→ **Problem details**:
Write back, word for word, the lines from the one containing "136606 | 2019-02084 |" to the end of the listing below. Include nothing else, and no pictures.

→ **Data below**:
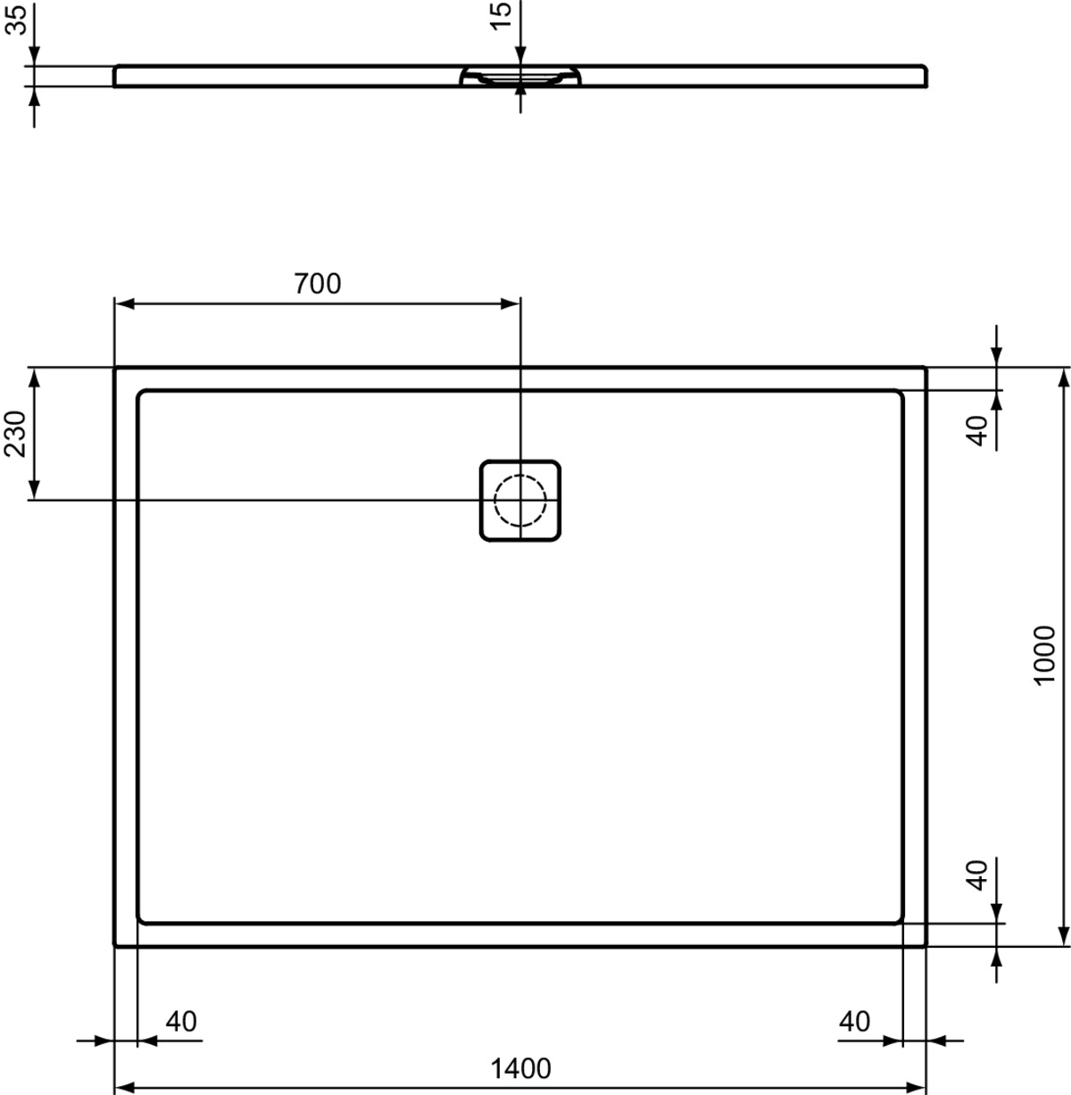 Douchebak rechthoek 1400x1000x35mm Silk White Ultra Flat Evo Ideal Standard
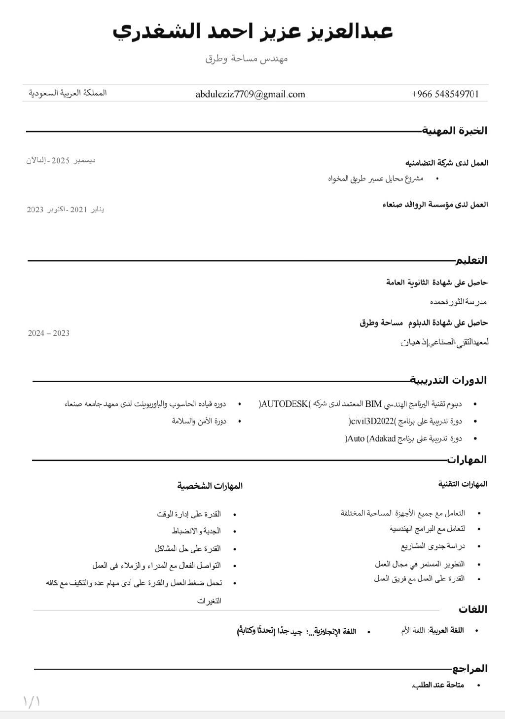 مهندس مساح عام خبرة ثلاث سنوات لديه القدرة التعامل مع جميع الاجهزة المساحية المختلفه حساب كميات التعامل مع برامج الكمبيوتر تحليل بيانات
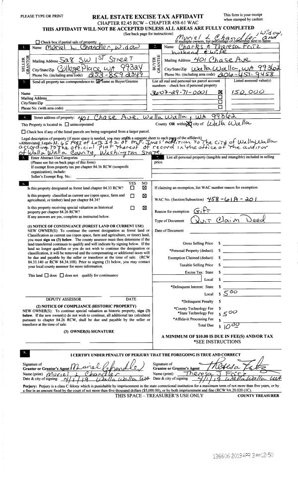 | 5 | 04/01/2019 | QCD | QUIT CLAIM DEED | CHANDLER MURIEL | FRITZ CHARLES & THERESA | | | $0.00 | 136606 | 2019-02084 |
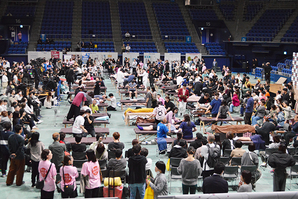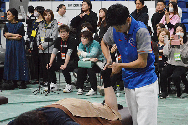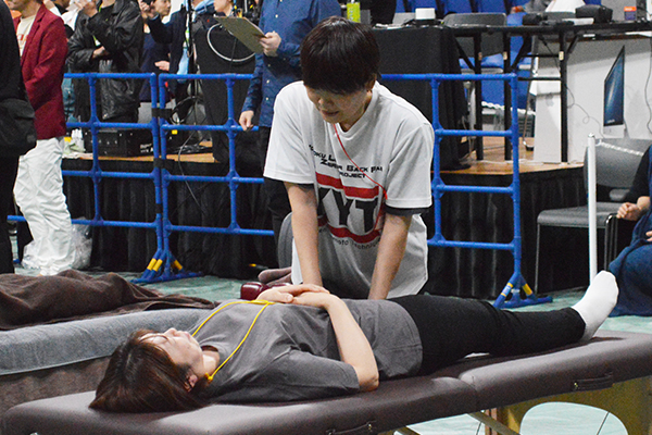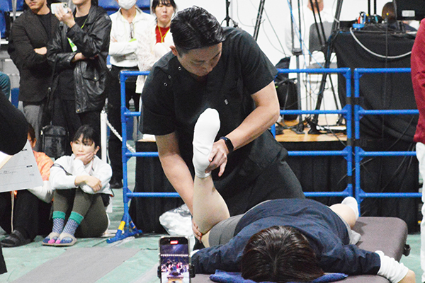 また、競技中はもちろん出展ブース内や、会場に設けられた「青空整体コーナー」(設置された施術ベッドを使い、誰でも無料で施術をしたり受けたりすることができるコーナー)、さらには客席でも整体やストレッチをしあう姿が見られた。

→ **Your solution**:
 | 5 | 04/01/2019 | QCD | QUIT CLAIM DEED | CHANDLER MURIEL | FRITZ CHARLES & THERESA | | | $0.00 | 136606 | 2019-02084 |
 また、競技中はもちろん出展ブース内や、会場に設けられた「青空整体コーナー」(設置された施術ベッドを使い、誰でも無料で施術をしたり受けたりすることができるコーナー)、さらには客席でも整体やストレッチをしあう姿が見られた。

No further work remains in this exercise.